WASHINGTON, January 14, 1863.
To the House of Representatives:
The Secretary of State has submitted to me a resolution of the House of Representatives of the 5th instant, which has been delivered to him, and which is in the following words:
Resolved, That the Secretary of State be requested to communicate to this House, if not in his judgment incompatible with the public interest, why our minister in New Granada has not presented his credentials to the actual Government of that country; also the reasons for which Senor Murillo is not recognized by the United States as the diplomatic representative of the Mosquera Government of that country; also what negotiations have been had, if any, with General Herran, as the representative of Ospina’s Government in New Granada, since it went into existence.
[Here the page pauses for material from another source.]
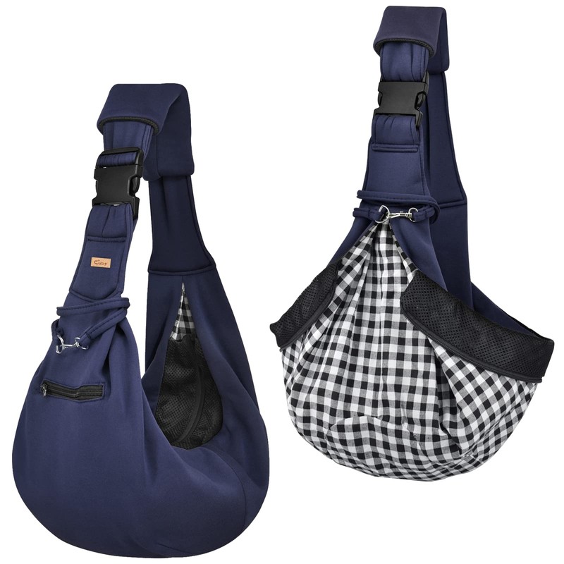 - 🐾Reversible Use & Padded - CUBY adjustable dog slings for small dogs are made of Double layer fabric, can be used on both sides, the outer layer is a solid color cotton fabric, and the inner layer is a plaid fabric, which is soft, skin-friendly and breathable, and will not make your pet feel uncomfortable. And Upgrade padded shoulder strap makes your shoulders less tired, free your hands, and take your pet out with ease.

On the 12th day of December, 1846, a treaty of amity, peace, and concord was concluded between the United States of America and the Republic of New Granada, which is still in force. On the 7th day of December, 1847, General Pedro Alcantara Herran, who had been duly accredited, was received here as the envoy extraordinary and minister plenipotentiary of that Republic. On the 30th day of August, 1849, Senor Don Rafael Rivas was received by this Government as charge d’affaires of the same Republic. On the 5th day of December, 1851, a consular convention was concluded between that Republic and the United States, which treaty was signed on behalf of the Republic of Granada by the same Senor Rivas. This treaty is still in force. On the 27th of April, 1852, Senor Don Victoriano de Diego Paredes was received as charge d’affaires of the Republic of New Granada. On the 20th of June, 1855, General Pedro Alcantara Herran was again received as envoy extraordinary and minister plenipotentiary, duly accredited by the Republic of New Granada, and he has ever since remained, under the same credentials, as the representative of that Republic near the Government of the United States. On the 10th of September, 1857, a claims convention was concluded between the United States and the Republic of Granada. This convention is still in force, and has in part been executed. In May, 1858, the constitution of the Republic was remodeled, and the nation assumed the political title of “The Granadian Confederacy.” This fact was formally announced to this Government, but without any change in their representative here.